ASF subversion and git services commented on IMPALA-9349:
---------------------------------------------------------

Commit 7b280e5841bf247b3866c16ea26f04c9e2dd3a61 in impala's branch 
refs/heads/master from Tim Armstrong
[ https://gitbox.apache.org/repos/asf?p=impala.git;h=7b280e5 ]

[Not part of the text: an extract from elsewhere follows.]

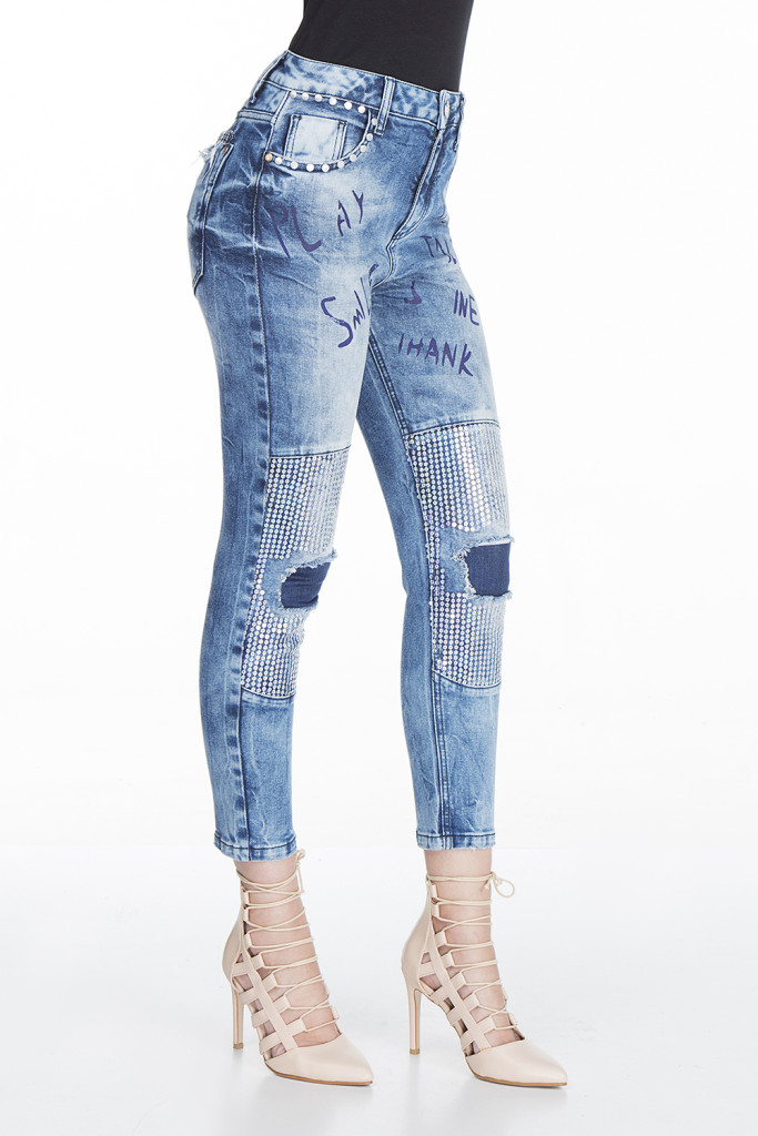 WD314 – Női farmer strasszokkal, feliratokkal és foltokkal

IMPALA-9349: free output_unmatched_batch_ buffers promptly in PHJ

This fixes a subtle memory managment issue where freeing of a
buffer is delayed longer than it should be. This means that
the full buffer pool reservation is not available for
repartitioning, which can lead to crashes or hang for
very specific queries.

The fix is to transfer resources from output_unmatched_batch_
as soon as the last row from the batch is appended to the
output batch.

This bug would only be triggered by join modes that output
unmatched rows from the right side (RIGHT OUTER JOIN,
FULL OUTER JOIN, RIGHT ANTI JOIN) *and* have an empty
probe side (otherwise unmatched rows are output by
iterating over the hash table).

Testing:
Added DCHECKs to check that all resources are available
before repartitioning.

Added a regression test that triggered the bug.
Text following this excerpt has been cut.